Он попытался чувствовать себя как у Христа за пазухой, но увидел Лилит и, как сказано в старинных книгах, возлюбил ее. Он позабыл про то, что его охраняют, потому что видел только ее юбку, но, когда она наконец подняла юбку — это было на высоком лугу и кругом никого и ничего не было, — он вдруг понял, что здесь она охраняла его, и она — в юбке или без юбки — стала ему безразличнее, чем трава на этом лугу.

Он кинулся в город прочь от нее, крича, что они лишили его свободы, лишили возможности быть человеком и даже мужчиной. Он бушевал, он плевал на мраморный пол в Доме Высокого Совета.
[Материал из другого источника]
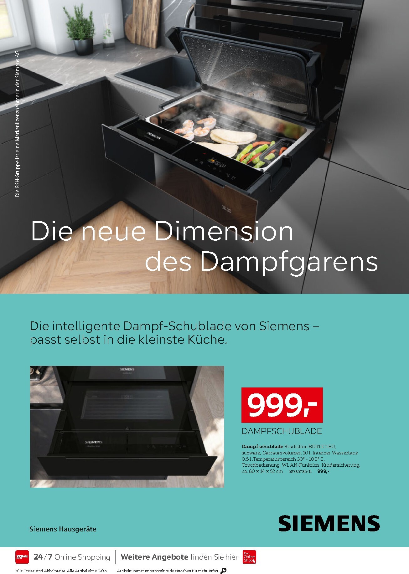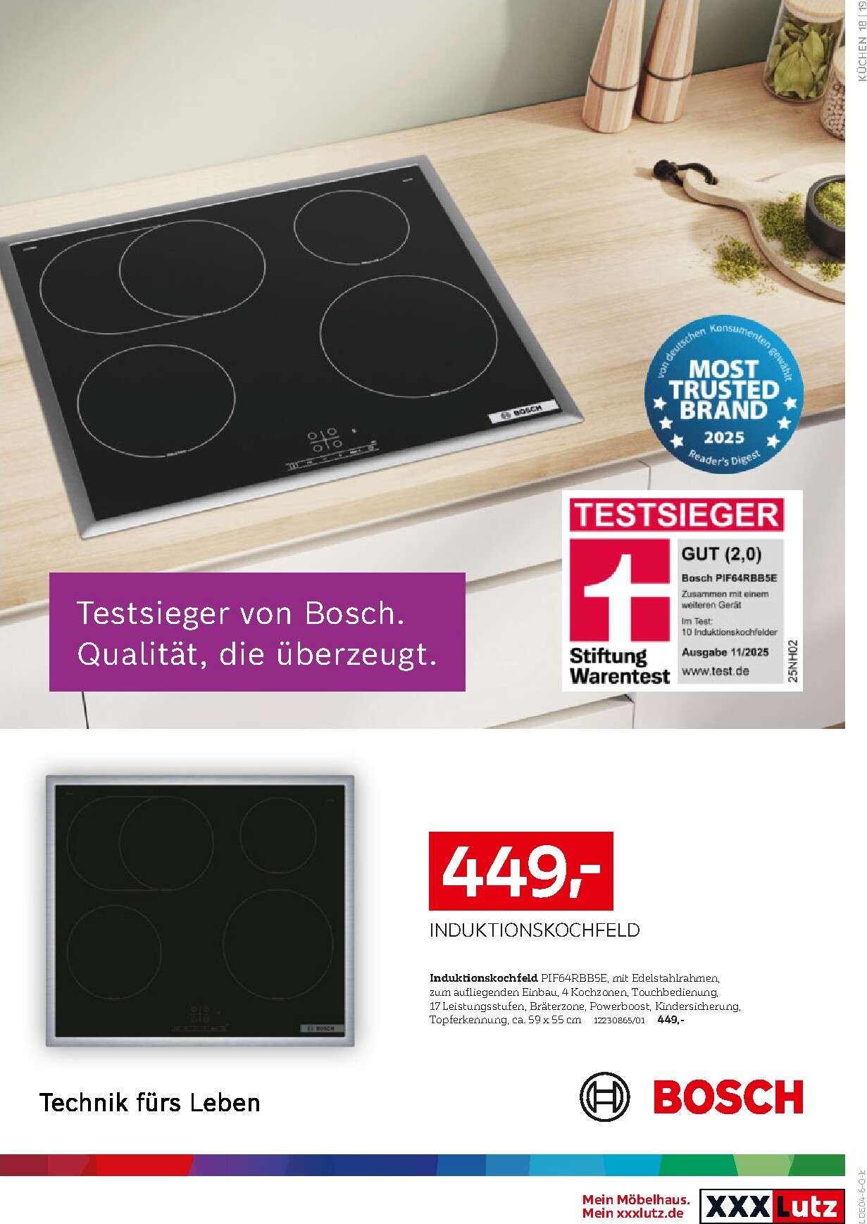 Das absolute Highlight der aktuellen Kampagne ist die unglaubliche „Cookit GRATIS“-Aktion. Beim Kauf einer Küche ab einem Gesamtwert von 9.999 € mit mindestens fünf Großgeräten der Marken Siemens, Neff oder Bosch schenkt Ihnen XXXLutz einen Bosch Cookit im Wert von 1.399 € dazu! Diese smarte Küchenmaschine ist der perfekte Helfer für kreatives und einfaches Kochen. Die Aktion XXXLutz Prospekt 11.04.2026 – 25.04.2026 Aktuelle Angebote macht den Küchenkauf doppelt lohnenswert und bringt modernste Kochtechnologie direkt in Ihr Zuhause. Wahlweise ist der Cookit in Schwarz oder Weiß erhältlich – solange der Vorrat reicht.

Они удрученно молчали и, когда он затих в изнеможении, попросили его подняться вместе с ними к Озеру Вечной Теплоты. С молчаливым безразличием он согласился.

Они шли по городу, по оживленным улицам, мимо университета, где студенты узнали его и хором приветствовали, мимо научной библиотеки, где стоял его бюст из мрамора; он не любил памятников живым, но и он был всего лишь человеком и принимал почести. Их путь лежал мимо шести одинаковых бассейнов с лазурной водой, бассейнов Радости и Свежести, посреди обширного парка с зелеными лужайками, цветочными клумбами, экзотическими кустарниками и искусно скомпонованными группами хвойных и лиственных деревьев.

Парк был открыт для всех жителей города, бассейны, разделенные цветной проволочной сеткой, были предназначены для шести «Размеров». Каждый взрослый житель города входил в одну из шести групп в соответствии со своим размером обуви, для краткости эти группы в повседневной жизни называли просто «Размеры». Это деление, над которым одни посмеивались, другие считали доброй традицией, было пережитком тех давно ушедших в прошлое времен, когда в этом городе были богатые и бедные, оливковые деревья принадлежали не тем, кто собирал оливы, а те, кому они принадлежали, не гнули спину на сборе олив.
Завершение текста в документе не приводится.